$\require{cancel} \newcommand{\Ket}[1]{\left|{#1}\right\rangle} \newcommand{\Bra}[1]{\left\langle{#1}\right|} \newcommand{\Braket}[1]{\left\langle{#1}\right\rangle} \newcommand{\Rsr}[1]{\frac{1}{\sqrt{#1}}} \newcommand{\RSR}[1]{1/\sqrt{#1}} \newcommand{\Verti}{\rvert} \newcommand{\HAT}[1]{\hat{\,#1~}} \DeclareMathOperator{\Tr}{Tr}$

Matrix Pulled Apart

^{First created in July 2018}

Element by Element

Let $A=[a_{ij}],$ where $a_{ij}$ is the element in the $i^\mathrm{th}$ row and the $j^\mathrm{th}$ column of the $n\times n$ matrix $A$.

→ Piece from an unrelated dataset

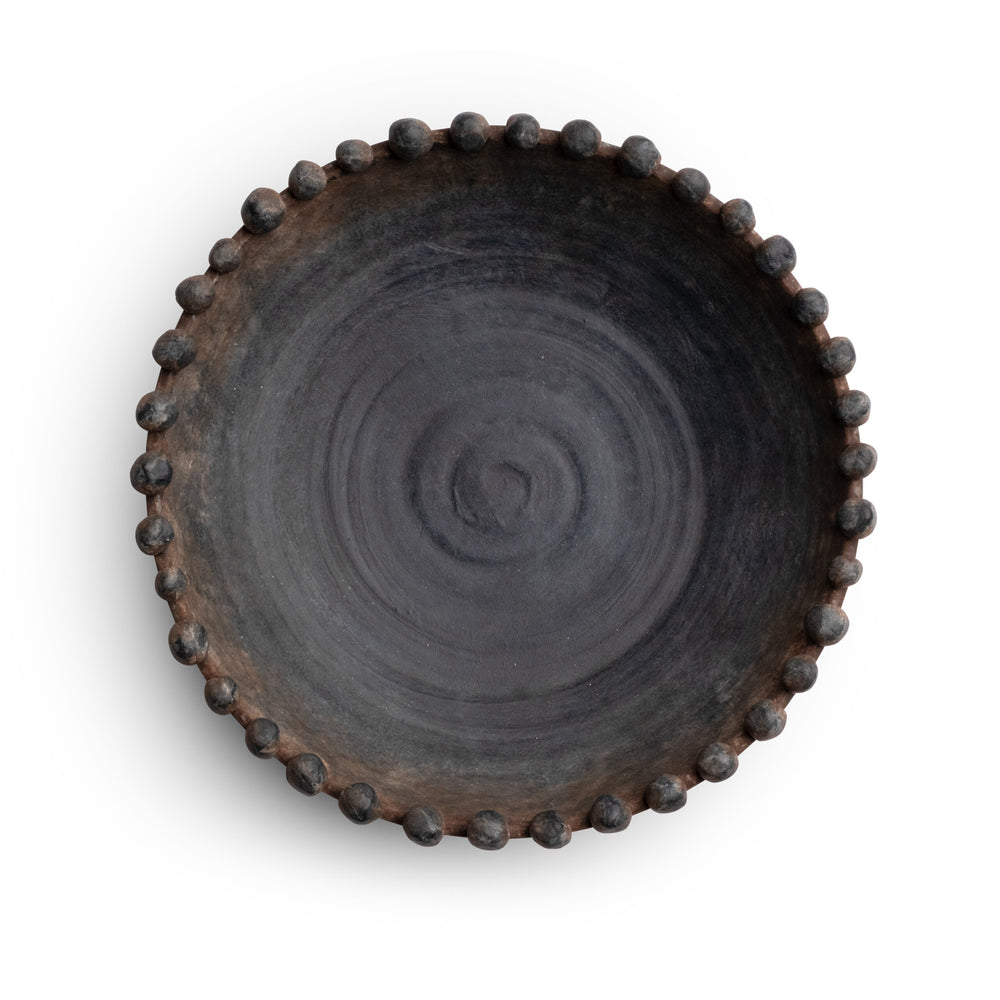 The organic shape and earthenware design make the Raleigh Bowl the perfect receptacle for those looking to add a rustic accent to their home. Finished with an intriguing array of hand-shaped ceramic balls around the rim, this bowl is sure to impress.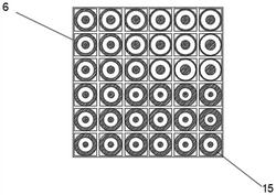 1.一种涡旋型的多层超表面阵列天线,其特征在于:该阵列天线由两个以上移相单元(15)排列组成的阵列相位板(6);所述移相单元(15)包括包括上下连接的上介电层(1)和下介质层(2),所述上介质层(1)和下介质层(2)均为边长为3mm正方形;所述上介质层(1)的上表面、上介质层(1)与下介质层(2)的连接面、下介质层(2)的底面均设有金属贴片(3);所述的金属贴片(3)由外圆环(4)和内圆环(5)组成,外圆环(4)、内圆环(5)的圆心与正方形的中心重合;所述外圆环(4)的外圆与正方形相切;所述的阵列相位板(6)按逆时针划分有第一象限(7)、第二象限(8)、第三象限(9)、第四象限(10)、第五象限(11)、第六象限(12)、第七象限(13)和第八象限(14),每个象限内金属贴片(3)的外圆环(4)的内半径相同,且外圆环(4)的内半径随第一象限(7)至第八象限(14)依次减小。2.根据权利要求1所述的涡旋型的多层超表面阵列天线,其特征在于:所述的阵列天线为正方形,由6×6个移相单元组成。3.根据权利要求2所述的涡旋型的多层超表面阵列天线,其特征在于:所述第一象限(7)、第三象限(9)、第五象限(11)和第七象限(13)中的移相单元的数量相等;所述第二象限(8)、第四象限(10)、第六象限(12)和第八象限(14)中的移相单元的数量相等。4.根据权利要求3所述的涡旋型的多层超表面阵列天线,其特征在于:所述第一象限(7)、第三象限(9)、第五象限(11)和第七象限(13)中的移相单元的数量为6个;所述第二象限(8)、第四象限(10)、第六象限(12)和第八象限(14)中的移相单元的数量为3个。5.根据权利要求4所述的涡旋型的多层超表面阵列天线,其特征在于:所述第一象限(7)至第八象限(14)中移相单元上的金属贴片(3)的外圆环(4)的内半径分别为1 .4mm、1.347mm、1.121mm、0.997mm、0.924mm、0.868mm、0.793mm、0.732mm。6.根据权利要求1所述的涡旋型的多层超表面阵列天线,其特征在于:所述外圆环(4)的内半径是内圆环(5)的外半径的2倍。7.根据权利要求1所述的涡旋型的多层超表面阵列天线,其特征在于:所述内圆环(5)的内半径为0.1mm。8.根据权利要求1所述的涡旋型的多层超表面阵列天线,其特征在于:所述上介电层(1)和下介质层(2)的介电常数均为2.0,厚度为0.7-1mm。9.根据权利要求8所述的涡旋型的多层超表面阵列天线,其特征在于:所述上介电层(1)和下介质层(2)的厚度为0.8mm。10.根据权利要求1所述的涡旋型的多层超表面阵列天线,其特征在于:所述金属贴片(3)的厚度为0.035mm。

Also let $\Ket k$ be the column vector with the $k^\mathrm{th}$ element being 1 and the rest zero. $\{\Ket k\}$ is an orthonormal basis of $\mathbb{C}^n$. ($\Ket k$ is also called the $k^\mathrm{th}$ canonical basis vector for the $n$-dimensional space.)

This means for an arbitrary matrix $M$ (not necessarily square), $M\Ket j$ will pick out the $j^\mathrm{th}$ column of $M$, and $\Bra i M$ will pick out the $i^\mathrm{th}$ row of $M$.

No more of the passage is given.